Source: where data enters — HTTP push, S3 + SQS, OpenTelemetry endpoints, Kafka, or existing OpenSearch indexes for migrations.
Buffer: holds events between stages; in-memory (default) or persistent for at-least-once durability.
Processors: transform events — grok parses unstructured log lines, date parses timestamps, mutate adds/removes fields, otel_trace shapes spans, service_map builds service graphs, conditional routing forks events.
Sink: writes to OpenSearch, OpenSearch Serverless, S3, or another pipeline.

Capacity is measured in OCUs. Stateless pipelines scale to 96 OCUs (384 with persistent buffering); stateful pipelines top out at 48 OCUs (192 with buffering). One OCU handles a few thousand events per second of typical log data.

Animation 3: Data Prepper / OSIS Pipeline Flow

Watch a single event traverse source → buffer → processor → sink with each stage activating in turn.

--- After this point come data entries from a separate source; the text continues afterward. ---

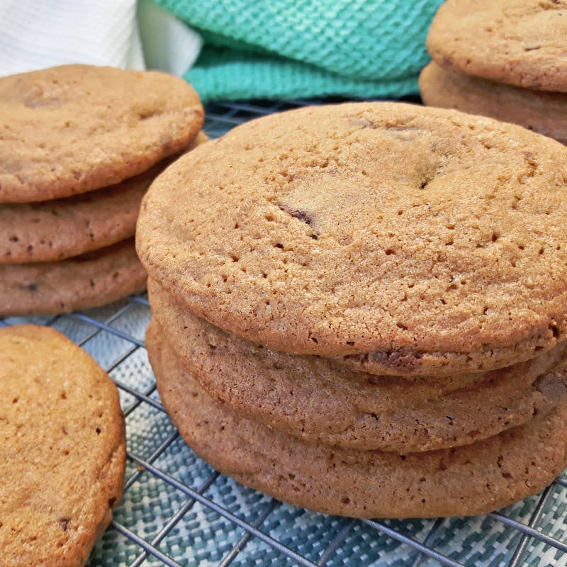 Gelukkig lag er nog één rol met Rolo's in onze voorraadkast. Precies genoeg om een stapel van deze lekker grote Rolo chocolate chip koeken te maken! En daar had ik nou juist zo'n zin in.
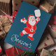 Classic Pickleball Santa Blue Christmas Photo Holiday Card
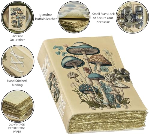 MUSHROOM JOURNAL – Leather journal Mushroom witchcraft book of shadows notebook is made with 200 pages of Antique Paper which looks like it was pulled from history. You will fall in love with the the antique handmade cotton paper which is unique to our Vintage Journal Notebook
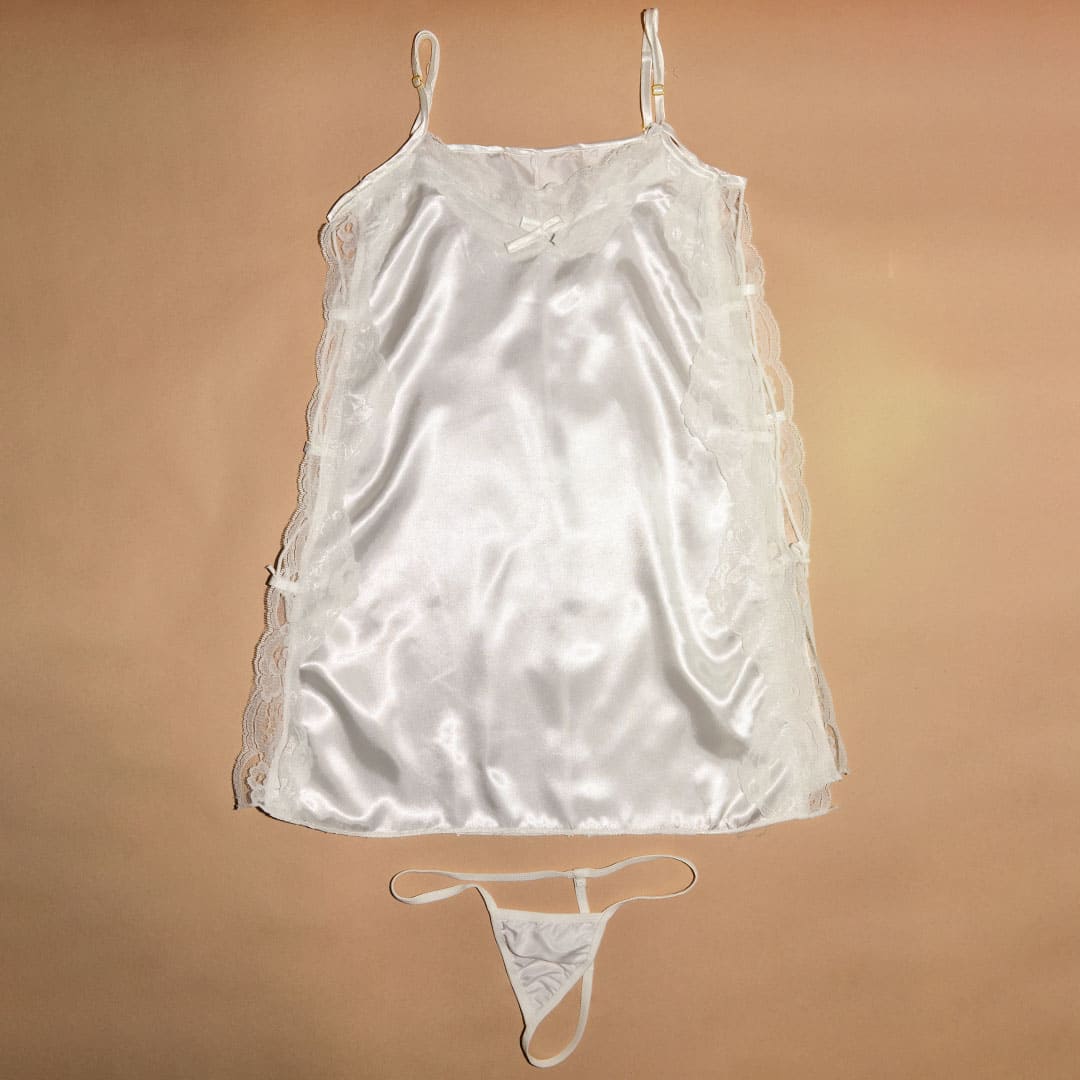 Белый эротический комплект (костюм для ролевых игр): пеньюар и трусы.

A worked example: ingest application logs from S3 (notified via SQS), parse with grok, ship to OpenSearch.

log-pipeline:
  source:
    s3:
      acknowledgments: true
      notification_type: sqs
      compression: gzip
      codec:
        newline:
      sqs:
        queue_url: "https://sqs.us-east-1.amazonaws.com/123456789012/log-events"
      aws:
        region: "us-east-1"
        sts_role_arn: "arn:aws:iam::123456789012:role/osis-pipeline-role"

  processor:
    - grok:
        match:
          message: ['%{TIMESTAMP_ISO8601:timestamp} %{LOGLEVEL:level} %{GREEDYDATA:msg}']
    - date:
        match:
          - key: timestamp
            patterns: ["ISO8601"]
        destination: "@timestamp"

  sink:
    - opensearch:
        hosts: ["https://search-prod-abc123.us-east-1.es.amazonaws.com"]
        index: "logs-app-%{yyyy.MM.dd}"
        aws:
          sts_role_arn: "arn:aws:iam::123456789012:role/osis-pipeline-role"
          region: "us-east-1"

The index pattern logs-app-%{yyyy.MM.dd} produces daily rolling indexes; OSIS creates them on demand.

Self-hosted Data Prepper

Data Prepper is the open-source upstream that powers OSIS. Run it yourself for on-premises sources, custom Java processors, or colocation with another tool. The YAML syntax is identical to OSIS, easing migration in either direction. A pipeline can chain into another via the pipeline source/sink — useful for fan-in deduplication followed by fan-out routing. Up to 10 sub-pipelines can be chained per file.

Firehose-to-OpenSearch Delivery

When logs already flow through Amazon Data Firehose, you can deliver them straight to OpenSearch without a separate pipeline. Firehose buffers records by size or time, optionally invokes a Lambda transformation, and bulk-indexes the result. Records that fail after retries are written to an S3 backup bucket for replay.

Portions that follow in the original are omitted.